Complex Adaptive Systems series
MIT Press, 1997

Not Natural Enough

Living organisms are very good at certain kinds of information-processing. A long-standing goal of computer science is to figure out how they do it, so that we can make machines which do likewise. To this end, the computer scientists have developed a largish number of techniques of computing which are inspired by information-processors found in nature; these are sometimes, as here, called ``natural computation,'' though the resemblance to what actually happens in vivo is so sketchy that naturalistic might be a better name. This book is, as its title tells us, intended to serve as an introductory survey of these techniques, aimed at undergraduate and beginning graduate students, primarily in computer science but also in the natural sciences.

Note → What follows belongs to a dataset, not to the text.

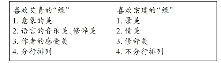 绿是生命的象征,诗中的“绿”让读者阅读后倍感舒适,体验到美好的情感。现代作家中,宗璞写过《西湖漫笔》一文,取材也是大自然中的绿,引导学生比较两者的不同。

After an introductory overview, there are five chapters devoted to ``core concepts''; I'll say more about these presently. After the core, we get three chapters on how neural networks can retrieve and associate memories, and how to put the memories in them; three chapters on Markov chains, hidden Markov models and Markov decision processes; two chapters on evolutionary computation; and a summary chapter. The substantive (peripheral?) material is treated in a competent, uninspired way, emphasizing workable algorithms over the justification or analysis of those algorithms. There are better introductory-level treatments of each of Ballard's topics, and he makes no real attempt to bring out inter-connections between them, but it is good to have them all within one set of not-too-widely-spaced covers, especially for survey courses, and to that extent Ballard has done a useful service.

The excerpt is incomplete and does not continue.